By Rayna Higuchi ’20

Hi CEE! I’m Rayna, a student in the Mechanics and Materials track, blogging about my experiences in Course 1. Today I’ll be talking about the class Mechanics of Materials (1.035), taught by Professor Ulm, with additional instructors Stephen Rudolph and Omar Al-Dajani.

The purpose of the lab we ran on February 27th was to study the rheological properties of a concrete mixture. Rheology is a branch of physics that deals specifically with material flow and has been the subject of the course for the first several weeks. Given its purpose in everything from roads to bridges to skyscrapers, it is crucial that we understand how concrete moves before hardening.

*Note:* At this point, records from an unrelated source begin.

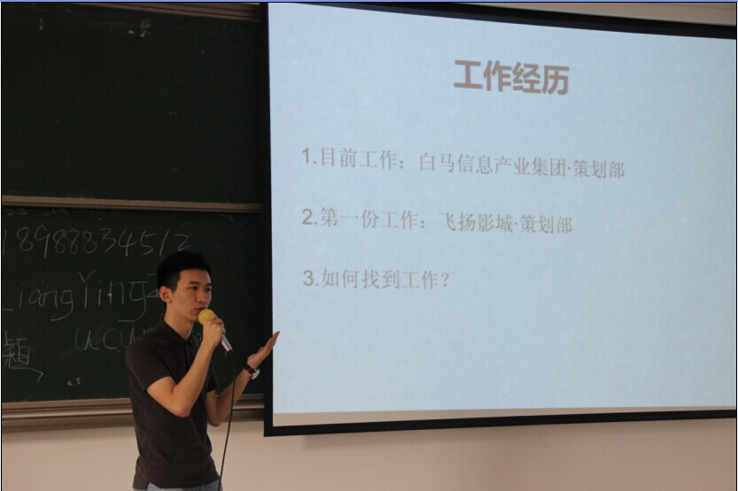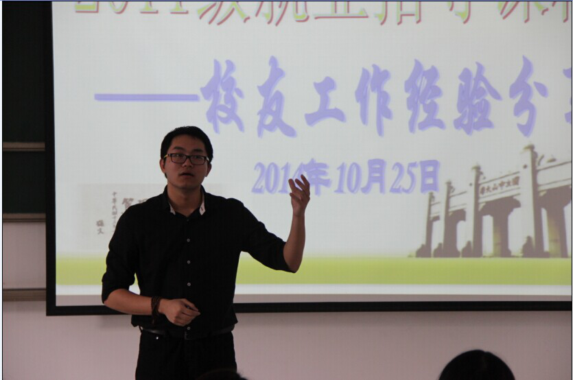 文学与传媒系校友工作的成果近年来已逐步显现,校友为毕业生提供了及时的就业信息、推荐工作,帮助毕业生更好地步入社会。为进一步加强校友工作,更好发挥校友在服务在校生求职工作方面的作用,文学与传媒系于2014年10月25日开展了优秀校友求职经验的分享活动,邀请往届优秀校友回校与应届毕业生分享自己的求职和工作经验。
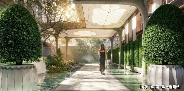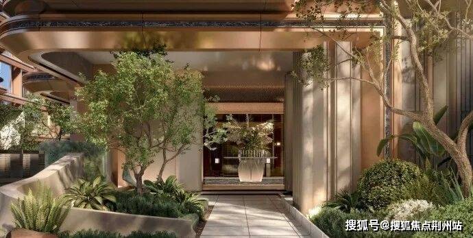 项目在抬板设计之余,还利用抬升形成的台地空间,来打造下沉式庭院,通过叠水、绿植的搭配,形成立体景观,这种一步一景的沉浸式森系园林,进一步体现项目自身森系园林景观。
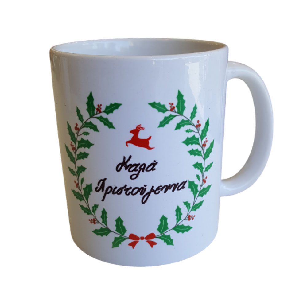 Κούπα πορσελάνης για τις γιορτές των Χριστουγέννων με μήνυμα "Καλά Χριστούγεννα" και λεπτό στεφάνι με τάρανδο.
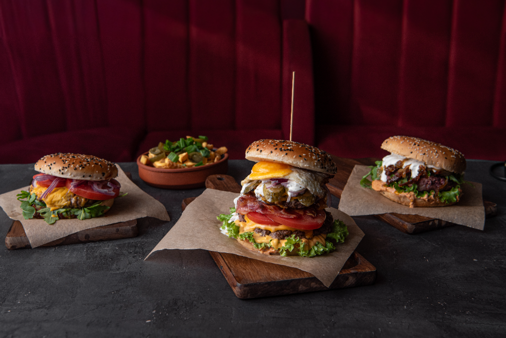 Bułka brioche, 2 kotlety wołowe, podwójny cheddar, bekon, jajko sadzone, czerwona cebula, liść sałaty, pomidor, pikle. Sosy: Cheddar Hustle + Silent Garlic.
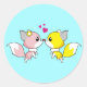 Adesivo Redondo Casal de Raposa Beijando com Pequenos Corações Inc
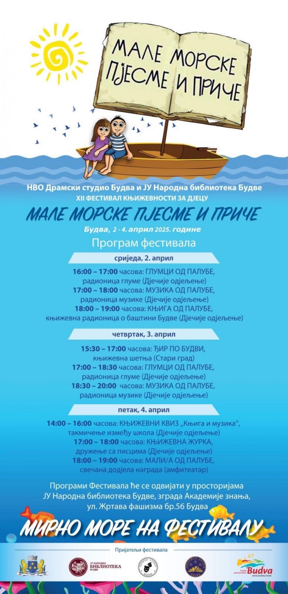 Budva će od 2. do 4. aprila biti domaćin XII Festivala književnosti za djecu „Male morske pjesme i priče“, u organizaciji NVO Dramski studio Budva i JU Narodna biblioteka Budve. Festival donosi bogat program posvećen najmlađima, kroz radionice glume i muzike, književne šetnje i kvizove.
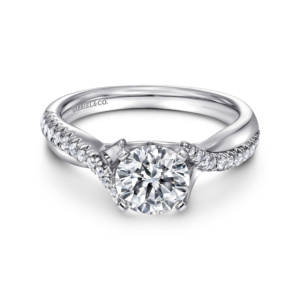14K White Gold Hidden Halo Round Diamond Engagement Ring
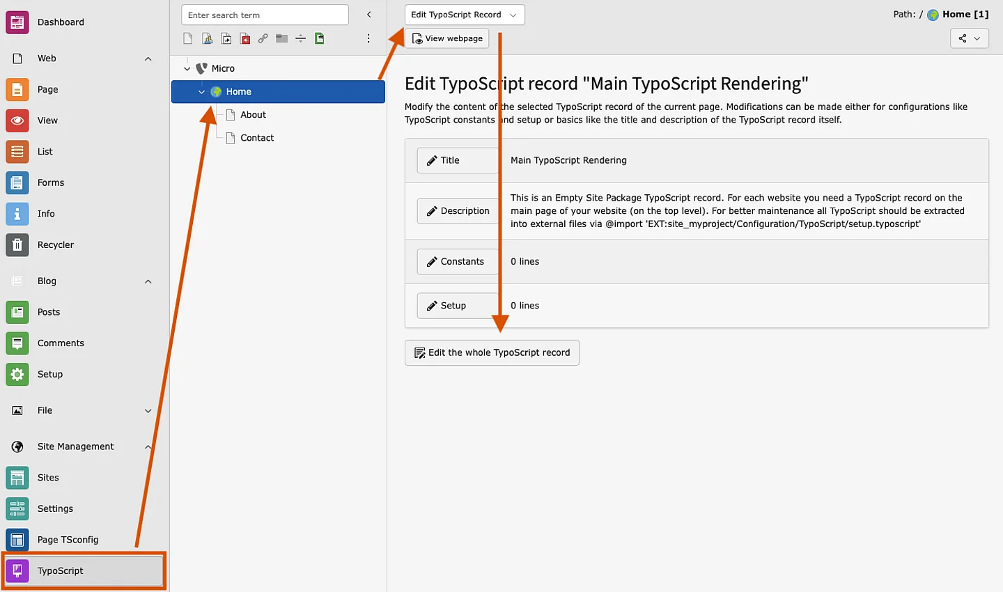 TypoScript > Root Page > Edit TypoScript Record > Edit the whole TypoScript record
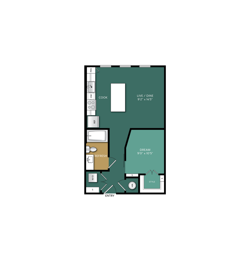 S1 - Floorplan 1 Apartment Unit: 231Apartment Model: S1$1,913Studio, 1 Bath, 616 sq ftAvailable December 8, 20251 Bedroom

As a homework, we were tasked with determining the optimal proportions for a concrete mix. We thus came to class with the calculated ideal mix proportions of water, cement, sand, and gravel. These are the most basic materials of concrete. The sand and gravel, known as the aggregates, take up space in the concrete so that we don’t need as much cement, which acts as the glue holding everything together. Finding good values for each of these is important. Cement is the ingredient that requires the most energy to produce, and thus releases the most carbon dioxide. If we can minimize this, we will drastically reduce the carbon footprint of a project. However, with too little cement, the material will begin to lose strength. Determining these values is a balancing act, and will change depending on the requirements of the final concrete, the aggregates used, and the type or components of the cement.

Claire Holley (’21), Rayna Higuchi (’20), Chelsea Watanabe (’21), and Luke Bastian (’21) measure components pre-mixing. Photo courtesy of Stephen Rudolph.

Much like baking a cake, we first mixed together the dry ingredients, then added water. The mixing was the fun part—once everything was wet, we could take off our dust masks and play around with the concrete. My group, self-named “Boyfriend Material,” built a snowman! Alas, Crunchy the Cementman had an even shorter lifespan than his snowy counterpart. It wasn’t long before he faded into an unrecognizable blob.

The birth of Crunchy the Cementman. Photo courtesy of Stephen Rudolph.

Following mixing, we performed a slump test. This is a common test used to determine the pumpability/workability (how easy the concrete is to pump or otherwise manipulate) of a concrete mixture. You fill up a cone 1ft high, then lift the cone straight upward. The change in height, known as the slump, can be used to gain insight as to how easily the concrete will flow. Depending on your project, you might desire lower or higher workability. A simple method to increase the workability is to increase your water ratio, but this will likely reduce the final strength of your concrete. Instead, a common method to increase pumpability without compromising the final strength of the concrete is to add something called a superplasticizer. As a liquid, the concrete will appear to be waterier, but will have similar hardened strength values as without the superplasticizer. This is useful to creating high-performance concrete.

A beautiful slump. Photo courtesy of Stephen Rudolph.

Once the slump tests were complete, we took the concrete and placed it in five molds to harden for the next three weeks, when we will test their compressive strength.

CEE you next time!

Preparing the samples for curing. The machine vibrates rapidly, helping to remove any air bubbles from the sample. Photo courtesy of Stephen Rudolph.